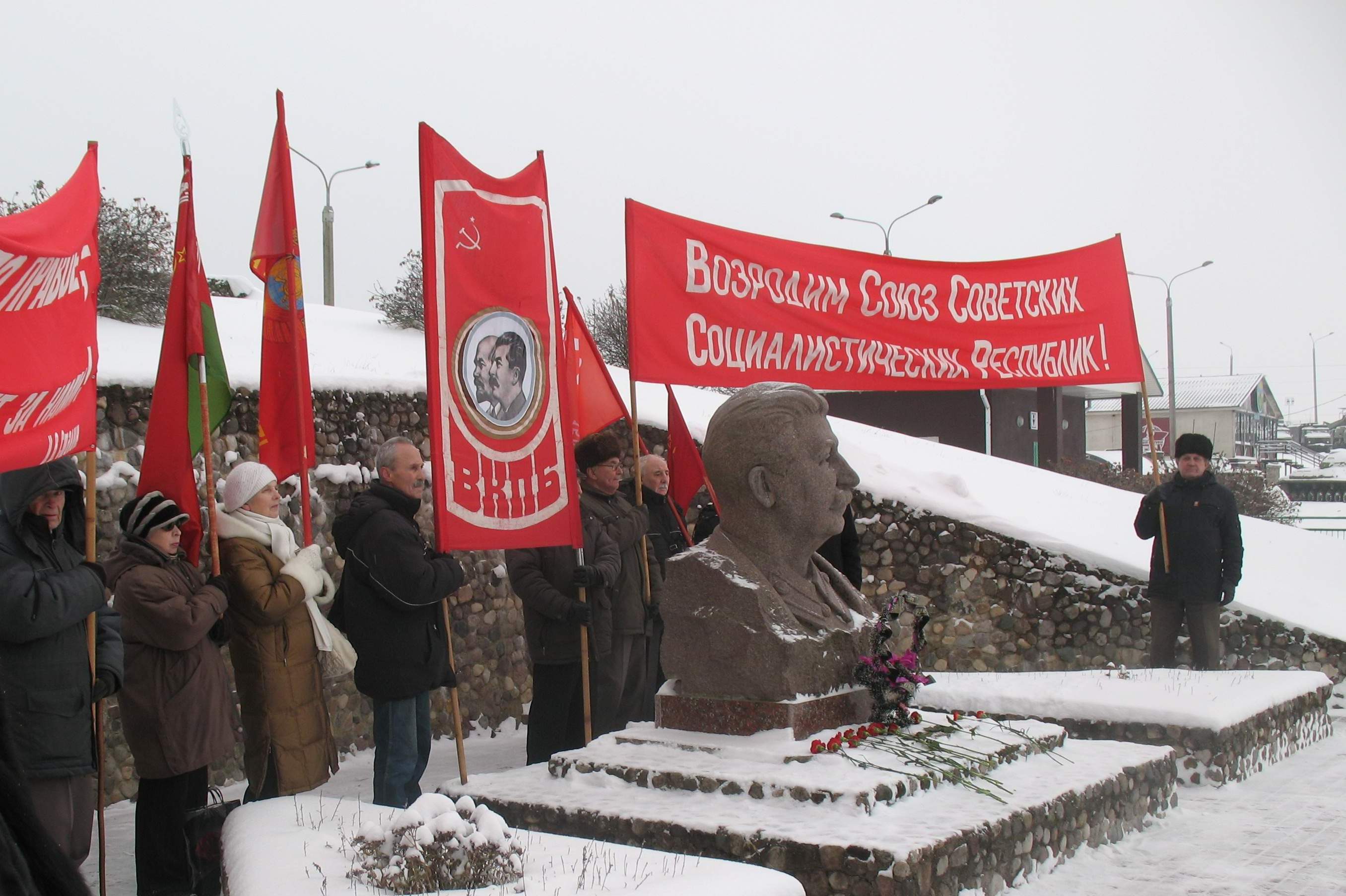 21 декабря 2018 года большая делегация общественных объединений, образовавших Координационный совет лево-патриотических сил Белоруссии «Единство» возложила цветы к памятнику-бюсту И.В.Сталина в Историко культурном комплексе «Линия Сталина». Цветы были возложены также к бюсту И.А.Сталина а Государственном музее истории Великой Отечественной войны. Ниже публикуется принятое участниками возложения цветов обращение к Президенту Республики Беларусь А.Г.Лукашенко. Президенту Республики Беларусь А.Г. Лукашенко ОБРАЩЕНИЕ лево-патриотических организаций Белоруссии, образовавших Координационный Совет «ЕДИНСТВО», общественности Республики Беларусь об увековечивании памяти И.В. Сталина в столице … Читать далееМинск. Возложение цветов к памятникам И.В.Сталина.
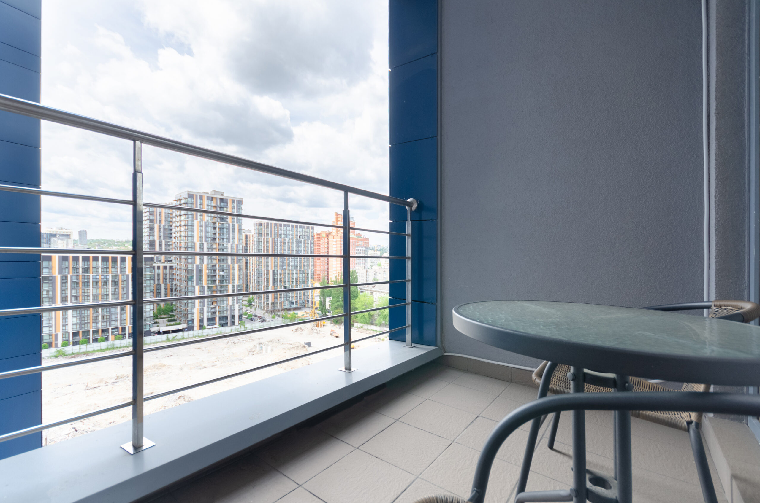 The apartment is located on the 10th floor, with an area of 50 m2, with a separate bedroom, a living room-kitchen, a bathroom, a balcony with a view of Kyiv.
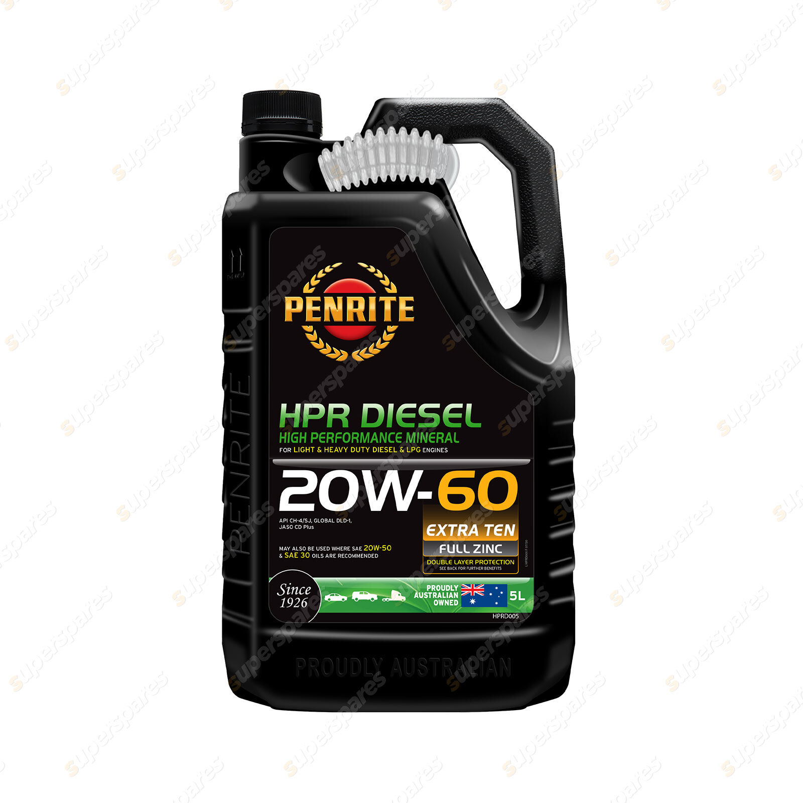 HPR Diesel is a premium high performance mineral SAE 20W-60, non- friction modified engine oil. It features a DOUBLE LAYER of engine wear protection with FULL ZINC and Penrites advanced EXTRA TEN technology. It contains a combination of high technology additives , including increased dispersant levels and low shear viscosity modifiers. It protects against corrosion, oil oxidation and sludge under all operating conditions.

---*---

:: Assignment ::
Restate all of the material above word for word, excluding the pictures.

:: Completed task ::
 21 декабря 2018 года большая делегация общественных объединений, образовавших Координационный совет лево-патриотических сил Белоруссии «Единство» возложила цветы к памятнику-бюсту И.В.Сталина в Историко культурном комплексе «Линия Сталина». Цветы были возложены также к бюсту И.А.Сталина а Государственном музее истории Великой Отечественной войны. Ниже публикуется принятое участниками возложения цветов обращение к Президенту Республики Беларусь А.Г.Лукашенко. Президенту Республики Беларусь А.Г. Лукашенко ОБРАЩЕНИЕ лево-патриотических организаций Белоруссии, образовавших Координационный Совет «ЕДИНСТВО», общественности Республики Беларусь об увековечивании памяти И.В. Сталина в столице … Читать далееМинск. Возложение цветов к памятникам И.В.Сталина.
 The apartment is located on the 10th floor, with an area of 50 m2, with a separate bedroom, a living room-kitchen, a bathroom, a balcony with a view of Kyiv.
 HPR Diesel is a premium high performance mineral SAE 20W-60, non- friction modified engine oil. It features a DOUBLE LAYER of engine wear protection with FULL ZINC and Penrites advanced EXTRA TEN technology. It contains a combination of high technology additives , including increased dispersant levels and low shear viscosity modifiers. It protects against corrosion, oil oxidation and sludge under all operating conditions.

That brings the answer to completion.